Input data:
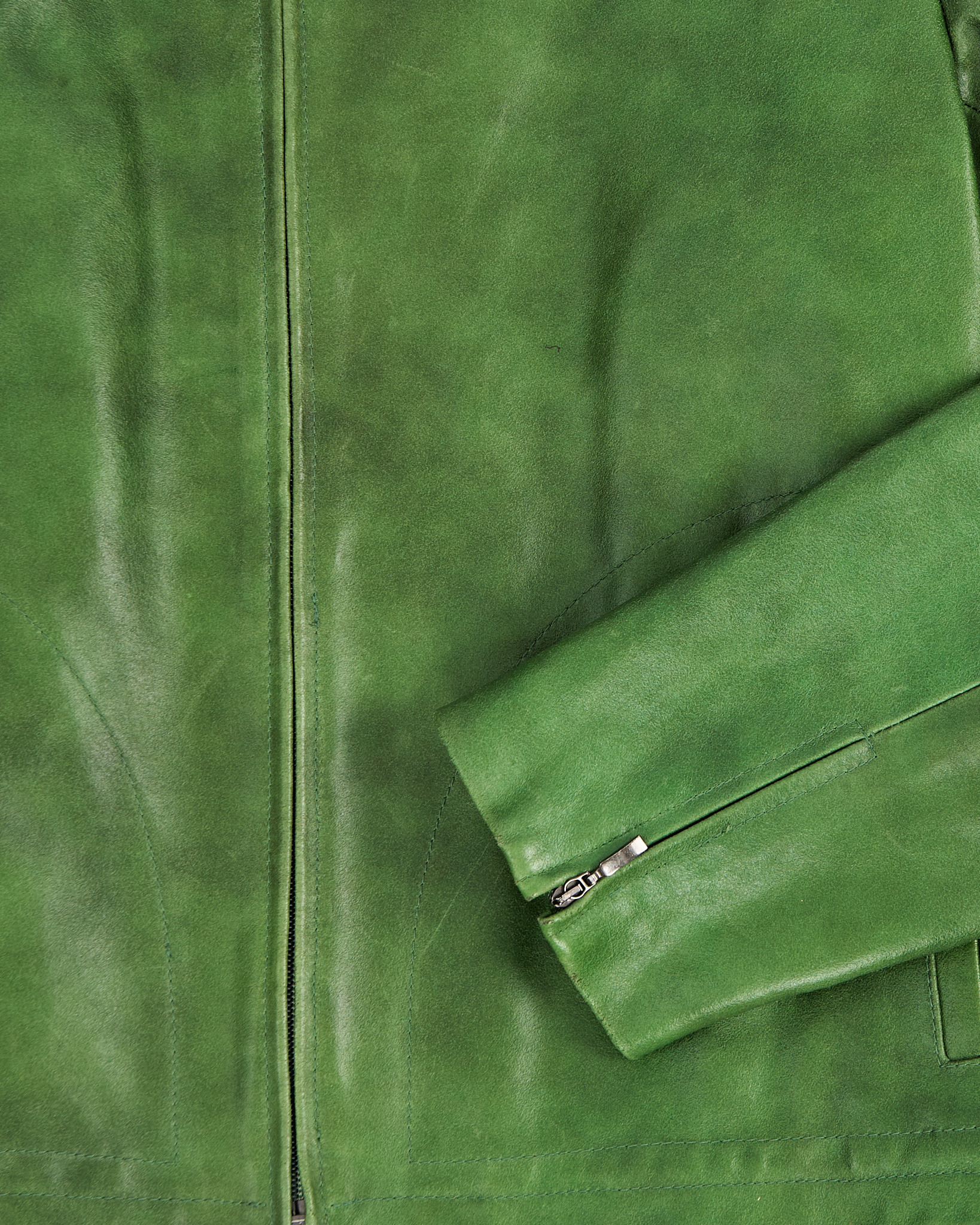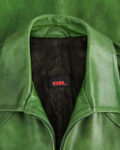 Куртка GIL из натуральной кожи насыщенного зелёного оттенка. Прямой крой, удобная застежка на молнию, аккуратные карманы и широкий воротник. Акцентные замки по бокам.
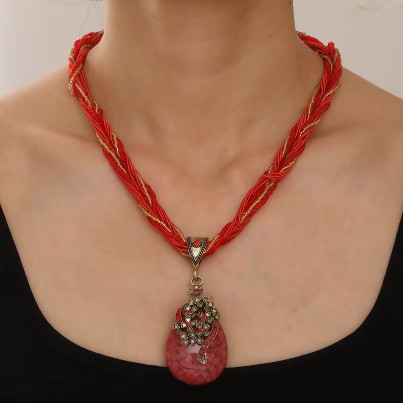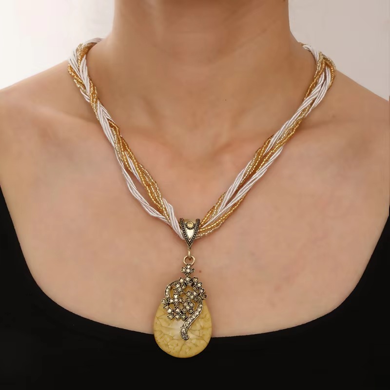 Ethnic Resin Stone Pendant Necklace
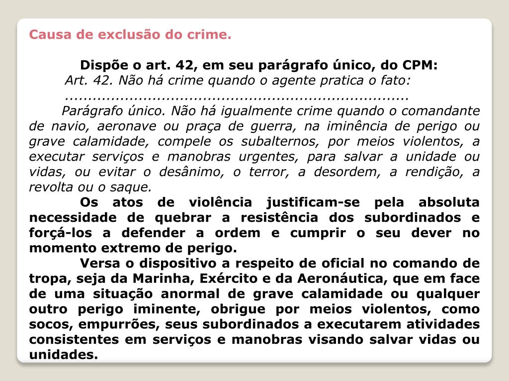 Causa de exclusão do crime. Dispõe o art. 42, em seu parágrafo único, do CPM: Art. 42. Não há crime quando o agente pratica o fato: ........................................................................... Parágrafo único. Não há igualmente crime quando o comandante de navio, aeronave ou praça de guerra, na iminência de perigo ou grave calamidade, compele os subalternos, por meios violentos, a executar serviços e manobras urgentes, para salvar a unidade ou vidas, ou evitar o desânimo, o terror, a desordem, a rendição, a revolta ou o saque. Os atos de violência justificam-se pela absoluta necessidade de quebrar a resistência dos subordinados e forçá-los a defender a ordem e cumprir o seu dever no momento extremo de perigo. Versa o dispositivo a respeito de oficial no comando de tropa, seja da Marinha, Exército e da Aeronáutica, que em face de uma situação anormal de grave calamidade ou qualquer outro perigo iminente, obrigue por meios violentos, como socos, empurrões, seus subordinados a executarem atividades consistentes em serviços e manobras visando salvar vidas ou unidades.
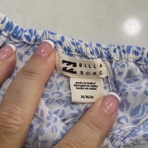 Billabong Dress Womens Medium Blue White Floral Sundress Maxi Strappy Summer Boho

Try it:
Starting at the first line of the material, output exactly the lines up to and including the one with "Ethnic Resin Stone Pendant Necklace". Do not include the pictures.

Exercise result:
 Куртка GIL из натуральной кожи насыщенного зелёного оттенка. Прямой крой, удобная застежка на молнию, аккуратные карманы и широкий воротник. Акцентные замки по бокам.
 Ethnic Resin Stone Pendant Necklace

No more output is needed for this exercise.